Exercise description |
Write out only the opening lines of the entries, through the line with "Le Centre thermal".

Input records |
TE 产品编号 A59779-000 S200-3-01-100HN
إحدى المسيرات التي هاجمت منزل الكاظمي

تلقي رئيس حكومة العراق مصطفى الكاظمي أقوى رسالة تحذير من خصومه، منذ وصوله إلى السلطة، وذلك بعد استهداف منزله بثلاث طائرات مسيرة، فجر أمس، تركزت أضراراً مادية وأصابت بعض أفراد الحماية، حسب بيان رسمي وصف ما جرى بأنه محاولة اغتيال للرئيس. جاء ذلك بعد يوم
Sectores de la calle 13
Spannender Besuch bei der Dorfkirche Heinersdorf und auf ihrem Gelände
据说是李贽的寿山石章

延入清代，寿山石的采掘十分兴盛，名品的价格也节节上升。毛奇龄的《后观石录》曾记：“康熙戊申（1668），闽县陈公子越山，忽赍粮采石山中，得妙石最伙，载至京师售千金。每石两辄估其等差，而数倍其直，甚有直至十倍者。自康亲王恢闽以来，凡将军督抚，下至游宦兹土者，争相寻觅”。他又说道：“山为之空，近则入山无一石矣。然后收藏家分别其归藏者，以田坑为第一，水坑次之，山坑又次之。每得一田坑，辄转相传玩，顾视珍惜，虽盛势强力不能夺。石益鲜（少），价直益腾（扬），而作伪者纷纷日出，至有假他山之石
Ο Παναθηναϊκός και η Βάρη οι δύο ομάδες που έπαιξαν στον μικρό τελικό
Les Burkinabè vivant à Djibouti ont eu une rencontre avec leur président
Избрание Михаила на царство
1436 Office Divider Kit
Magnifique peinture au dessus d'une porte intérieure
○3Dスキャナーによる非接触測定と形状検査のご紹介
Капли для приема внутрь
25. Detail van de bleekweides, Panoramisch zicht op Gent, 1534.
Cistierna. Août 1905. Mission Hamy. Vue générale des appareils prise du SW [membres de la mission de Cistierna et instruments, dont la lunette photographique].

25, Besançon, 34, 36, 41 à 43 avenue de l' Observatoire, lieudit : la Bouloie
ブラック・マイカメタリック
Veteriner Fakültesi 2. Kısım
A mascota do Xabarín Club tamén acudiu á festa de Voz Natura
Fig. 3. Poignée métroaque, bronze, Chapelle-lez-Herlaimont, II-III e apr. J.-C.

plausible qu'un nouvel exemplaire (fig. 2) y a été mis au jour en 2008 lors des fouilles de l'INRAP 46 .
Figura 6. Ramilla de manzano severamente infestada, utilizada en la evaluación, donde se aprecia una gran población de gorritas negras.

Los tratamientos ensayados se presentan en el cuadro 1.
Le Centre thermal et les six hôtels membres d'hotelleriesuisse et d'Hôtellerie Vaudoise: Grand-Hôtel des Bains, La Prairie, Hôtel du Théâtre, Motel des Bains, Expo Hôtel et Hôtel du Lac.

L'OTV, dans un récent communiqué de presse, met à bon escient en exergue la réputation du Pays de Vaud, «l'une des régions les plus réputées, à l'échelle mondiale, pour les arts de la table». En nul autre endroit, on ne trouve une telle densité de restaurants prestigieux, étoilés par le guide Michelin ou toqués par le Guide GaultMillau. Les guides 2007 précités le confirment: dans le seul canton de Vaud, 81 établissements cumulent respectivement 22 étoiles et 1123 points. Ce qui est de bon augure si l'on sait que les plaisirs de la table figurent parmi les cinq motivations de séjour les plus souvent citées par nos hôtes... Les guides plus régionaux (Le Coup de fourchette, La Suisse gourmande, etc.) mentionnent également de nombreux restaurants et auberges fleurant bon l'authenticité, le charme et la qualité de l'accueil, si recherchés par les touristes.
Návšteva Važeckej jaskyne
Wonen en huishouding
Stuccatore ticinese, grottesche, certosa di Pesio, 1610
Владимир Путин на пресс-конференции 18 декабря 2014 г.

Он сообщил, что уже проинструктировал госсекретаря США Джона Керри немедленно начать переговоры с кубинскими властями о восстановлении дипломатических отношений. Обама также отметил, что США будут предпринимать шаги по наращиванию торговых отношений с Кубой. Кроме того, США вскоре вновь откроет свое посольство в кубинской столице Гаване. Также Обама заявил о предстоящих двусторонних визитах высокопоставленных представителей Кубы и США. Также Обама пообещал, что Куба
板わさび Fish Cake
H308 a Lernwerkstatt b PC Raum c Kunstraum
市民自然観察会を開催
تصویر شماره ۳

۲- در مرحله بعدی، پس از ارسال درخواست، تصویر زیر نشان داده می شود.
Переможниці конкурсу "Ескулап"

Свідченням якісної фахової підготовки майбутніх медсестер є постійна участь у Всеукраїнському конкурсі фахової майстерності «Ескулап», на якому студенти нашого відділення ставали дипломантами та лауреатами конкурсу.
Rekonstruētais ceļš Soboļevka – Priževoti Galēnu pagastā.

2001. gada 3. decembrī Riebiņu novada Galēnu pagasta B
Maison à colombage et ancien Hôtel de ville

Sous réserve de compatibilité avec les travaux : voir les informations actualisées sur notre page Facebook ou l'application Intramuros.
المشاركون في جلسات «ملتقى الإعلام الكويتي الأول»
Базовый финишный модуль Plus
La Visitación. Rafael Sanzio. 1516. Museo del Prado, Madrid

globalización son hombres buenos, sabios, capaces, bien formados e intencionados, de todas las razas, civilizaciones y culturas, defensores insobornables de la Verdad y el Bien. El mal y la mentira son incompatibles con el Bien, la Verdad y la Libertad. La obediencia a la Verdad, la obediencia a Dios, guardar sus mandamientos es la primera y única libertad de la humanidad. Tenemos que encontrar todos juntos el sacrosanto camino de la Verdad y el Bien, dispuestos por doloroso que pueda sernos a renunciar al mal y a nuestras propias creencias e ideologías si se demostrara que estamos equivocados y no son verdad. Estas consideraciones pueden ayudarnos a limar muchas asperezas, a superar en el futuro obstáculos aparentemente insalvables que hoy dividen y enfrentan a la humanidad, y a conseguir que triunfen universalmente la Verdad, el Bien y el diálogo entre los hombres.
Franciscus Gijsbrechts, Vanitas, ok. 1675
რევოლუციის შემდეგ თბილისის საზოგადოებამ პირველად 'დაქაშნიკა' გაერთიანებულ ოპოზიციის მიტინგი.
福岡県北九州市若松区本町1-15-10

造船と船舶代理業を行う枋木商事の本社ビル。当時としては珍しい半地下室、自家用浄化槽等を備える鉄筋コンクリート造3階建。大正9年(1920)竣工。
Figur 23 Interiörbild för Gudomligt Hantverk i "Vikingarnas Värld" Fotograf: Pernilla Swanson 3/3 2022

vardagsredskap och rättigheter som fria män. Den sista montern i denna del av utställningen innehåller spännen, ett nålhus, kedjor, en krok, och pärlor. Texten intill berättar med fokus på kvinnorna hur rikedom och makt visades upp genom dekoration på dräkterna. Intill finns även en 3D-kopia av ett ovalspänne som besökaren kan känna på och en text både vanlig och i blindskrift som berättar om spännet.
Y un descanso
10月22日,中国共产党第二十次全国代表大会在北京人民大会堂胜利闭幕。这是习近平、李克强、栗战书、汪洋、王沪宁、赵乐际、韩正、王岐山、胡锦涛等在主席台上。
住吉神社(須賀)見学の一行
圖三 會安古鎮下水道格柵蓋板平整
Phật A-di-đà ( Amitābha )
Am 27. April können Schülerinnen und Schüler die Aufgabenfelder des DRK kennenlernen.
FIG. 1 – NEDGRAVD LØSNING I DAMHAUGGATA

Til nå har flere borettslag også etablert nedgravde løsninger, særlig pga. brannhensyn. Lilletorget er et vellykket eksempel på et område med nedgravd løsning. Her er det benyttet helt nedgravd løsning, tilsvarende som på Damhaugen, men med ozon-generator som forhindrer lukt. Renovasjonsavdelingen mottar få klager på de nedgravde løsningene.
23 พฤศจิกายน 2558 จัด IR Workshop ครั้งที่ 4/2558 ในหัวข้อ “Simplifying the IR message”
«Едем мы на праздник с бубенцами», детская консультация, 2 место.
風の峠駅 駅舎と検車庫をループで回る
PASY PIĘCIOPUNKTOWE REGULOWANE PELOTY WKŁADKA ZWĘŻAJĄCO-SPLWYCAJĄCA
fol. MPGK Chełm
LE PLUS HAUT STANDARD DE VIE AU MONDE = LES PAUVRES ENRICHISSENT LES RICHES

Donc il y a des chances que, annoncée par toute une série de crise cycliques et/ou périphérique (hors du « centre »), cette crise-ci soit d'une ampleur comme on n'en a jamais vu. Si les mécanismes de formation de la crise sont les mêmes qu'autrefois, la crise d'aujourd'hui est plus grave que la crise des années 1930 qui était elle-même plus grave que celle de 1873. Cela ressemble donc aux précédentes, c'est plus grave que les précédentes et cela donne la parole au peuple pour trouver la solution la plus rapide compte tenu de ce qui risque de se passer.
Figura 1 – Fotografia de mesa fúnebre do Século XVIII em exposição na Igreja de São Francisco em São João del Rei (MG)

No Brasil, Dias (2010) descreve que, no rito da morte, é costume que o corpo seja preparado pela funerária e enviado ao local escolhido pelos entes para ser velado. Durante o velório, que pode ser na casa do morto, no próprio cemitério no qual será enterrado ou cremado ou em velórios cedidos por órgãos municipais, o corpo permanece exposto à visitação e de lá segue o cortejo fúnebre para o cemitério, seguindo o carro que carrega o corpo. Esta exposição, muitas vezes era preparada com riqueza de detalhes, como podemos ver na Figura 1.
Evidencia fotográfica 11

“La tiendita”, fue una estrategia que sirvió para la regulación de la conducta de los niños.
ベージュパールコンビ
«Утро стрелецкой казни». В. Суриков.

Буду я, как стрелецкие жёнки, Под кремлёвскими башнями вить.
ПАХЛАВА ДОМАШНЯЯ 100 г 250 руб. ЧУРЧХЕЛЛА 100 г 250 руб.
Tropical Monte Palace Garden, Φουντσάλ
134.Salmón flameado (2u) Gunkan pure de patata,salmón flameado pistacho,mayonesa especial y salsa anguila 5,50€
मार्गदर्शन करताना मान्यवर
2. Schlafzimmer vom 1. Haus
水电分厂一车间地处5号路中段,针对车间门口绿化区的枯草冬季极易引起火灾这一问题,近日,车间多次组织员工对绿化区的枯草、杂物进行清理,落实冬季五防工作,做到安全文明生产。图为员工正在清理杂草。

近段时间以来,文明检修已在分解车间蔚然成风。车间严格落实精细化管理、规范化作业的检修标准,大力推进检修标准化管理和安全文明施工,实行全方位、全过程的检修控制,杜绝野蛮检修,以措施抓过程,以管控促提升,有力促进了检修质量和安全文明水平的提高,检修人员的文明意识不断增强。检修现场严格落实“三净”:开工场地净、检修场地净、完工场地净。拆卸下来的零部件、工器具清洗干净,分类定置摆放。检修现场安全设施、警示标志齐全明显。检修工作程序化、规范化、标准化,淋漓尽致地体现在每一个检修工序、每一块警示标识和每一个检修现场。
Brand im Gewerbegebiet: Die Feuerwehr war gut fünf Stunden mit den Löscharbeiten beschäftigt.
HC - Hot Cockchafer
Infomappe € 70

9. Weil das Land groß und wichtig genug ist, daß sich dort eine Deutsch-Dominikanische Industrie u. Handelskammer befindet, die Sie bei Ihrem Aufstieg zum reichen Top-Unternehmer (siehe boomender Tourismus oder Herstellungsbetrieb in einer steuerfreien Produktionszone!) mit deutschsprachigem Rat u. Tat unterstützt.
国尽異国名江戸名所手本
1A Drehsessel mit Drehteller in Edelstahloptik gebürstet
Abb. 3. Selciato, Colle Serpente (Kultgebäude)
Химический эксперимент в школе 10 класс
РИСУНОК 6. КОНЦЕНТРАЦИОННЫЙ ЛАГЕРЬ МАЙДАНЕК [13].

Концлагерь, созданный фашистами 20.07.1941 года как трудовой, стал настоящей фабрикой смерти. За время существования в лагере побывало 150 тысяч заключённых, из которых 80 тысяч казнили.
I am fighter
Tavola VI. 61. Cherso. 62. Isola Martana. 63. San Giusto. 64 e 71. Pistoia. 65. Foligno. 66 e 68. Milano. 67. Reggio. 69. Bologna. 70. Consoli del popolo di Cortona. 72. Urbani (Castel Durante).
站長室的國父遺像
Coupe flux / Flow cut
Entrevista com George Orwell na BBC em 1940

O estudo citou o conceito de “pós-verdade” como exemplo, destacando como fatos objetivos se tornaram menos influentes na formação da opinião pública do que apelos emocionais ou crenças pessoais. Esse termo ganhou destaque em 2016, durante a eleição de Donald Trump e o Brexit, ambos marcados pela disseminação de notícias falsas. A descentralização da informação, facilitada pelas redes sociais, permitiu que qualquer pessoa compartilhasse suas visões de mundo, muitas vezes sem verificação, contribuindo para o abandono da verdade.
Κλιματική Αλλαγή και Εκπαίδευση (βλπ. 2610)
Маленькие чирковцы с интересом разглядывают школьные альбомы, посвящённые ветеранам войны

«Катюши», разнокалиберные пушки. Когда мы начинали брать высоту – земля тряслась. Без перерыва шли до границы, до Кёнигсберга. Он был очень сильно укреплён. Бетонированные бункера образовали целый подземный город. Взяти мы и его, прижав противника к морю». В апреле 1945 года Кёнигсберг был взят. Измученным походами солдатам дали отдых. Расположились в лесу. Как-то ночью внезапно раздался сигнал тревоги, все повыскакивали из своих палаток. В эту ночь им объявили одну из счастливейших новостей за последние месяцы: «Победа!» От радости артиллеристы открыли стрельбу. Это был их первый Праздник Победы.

Answer to this exercise |
TE 产品编号 A59779-000 S200-3-01-100HN
إحدى المسيرات التي هاجمت منزل الكاظمي

تلقي رئيس حكومة العراق مصطفى الكاظمي أقوى رسالة تحذير من خصومه، منذ وصوله إلى السلطة، وذلك بعد استهداف منزله بثلاث طائرات مسيرة، فجر أمس، تركزت أضراراً مادية وأصابت بعض أفراد الحماية، حسب بيان رسمي وصف ما جرى بأنه محاولة اغتيال للرئيس. جاء ذلك بعد يوم
Sectores de la calle 13
Spannender Besuch bei der Dorfkirche Heinersdorf und auf ihrem Gelände
据说是李贽的寿山石章

延入清代，寿山石的采掘十分兴盛，名品的价格也节节上升。毛奇龄的《后观石录》曾记：“康熙戊申（1668），闽县陈公子越山，忽赍粮采石山中，得妙石最伙，载至京师售千金。每石两辄估其等差，而数倍其直，甚有直至十倍者。自康亲王恢闽以来，凡将军督抚，下至游宦兹土者，争相寻觅”。他又说道：“山为之空，近则入山无一石矣。然后收藏家分别其归藏者，以田坑为第一，水坑次之，山坑又次之。每得一田坑，辄转相传玩，顾视珍惜，虽盛势强力不能夺。石益鲜（少），价直益腾（扬），而作伪者纷纷日出，至有假他山之石
Ο Παναθηναϊκός και η Βάρη οι δύο ομάδες που έπαιξαν στον μικρό τελικό
Les Burkinabè vivant à Djibouti ont eu une rencontre avec leur président
Избрание Михаила на царство
1436 Office Divider Kit
Magnifique peinture au dessus d'une porte intérieure
○3Dスキャナーによる非接触測定と形状検査のご紹介
Капли для приема внутрь
25. Detail van de bleekweides, Panoramisch zicht op Gent, 1534.
Cistierna. Août 1905. Mission Hamy. Vue générale des appareils prise du SW [membres de la mission de Cistierna et instruments, dont la lunette photographique].

25, Besançon, 34, 36, 41 à 43 avenue de l' Observatoire, lieudit : la Bouloie
ブラック・マイカメタリック
Veteriner Fakültesi 2. Kısım
A mascota do Xabarín Club tamén acudiu á festa de Voz Natura
Fig. 3. Poignée métroaque, bronze, Chapelle-lez-Herlaimont, II-III e apr. J.-C.

plausible qu'un nouvel exemplaire (fig. 2) y a été mis au jour en 2008 lors des fouilles de l'INRAP 46 .
Figura 6. Ramilla de manzano severamente infestada, utilizada en la evaluación, donde se aprecia una gran población de gorritas negras.

Los tratamientos ensayados se presentan en el cuadro 1.
Le Centre thermal et les six hôtels membres d'hotelleriesuisse et d'Hôtellerie Vaudoise: Grand-Hôtel des Bains, La Prairie, Hôtel du Théâtre, Motel des Bains, Expo Hôtel et Hôtel du Lac.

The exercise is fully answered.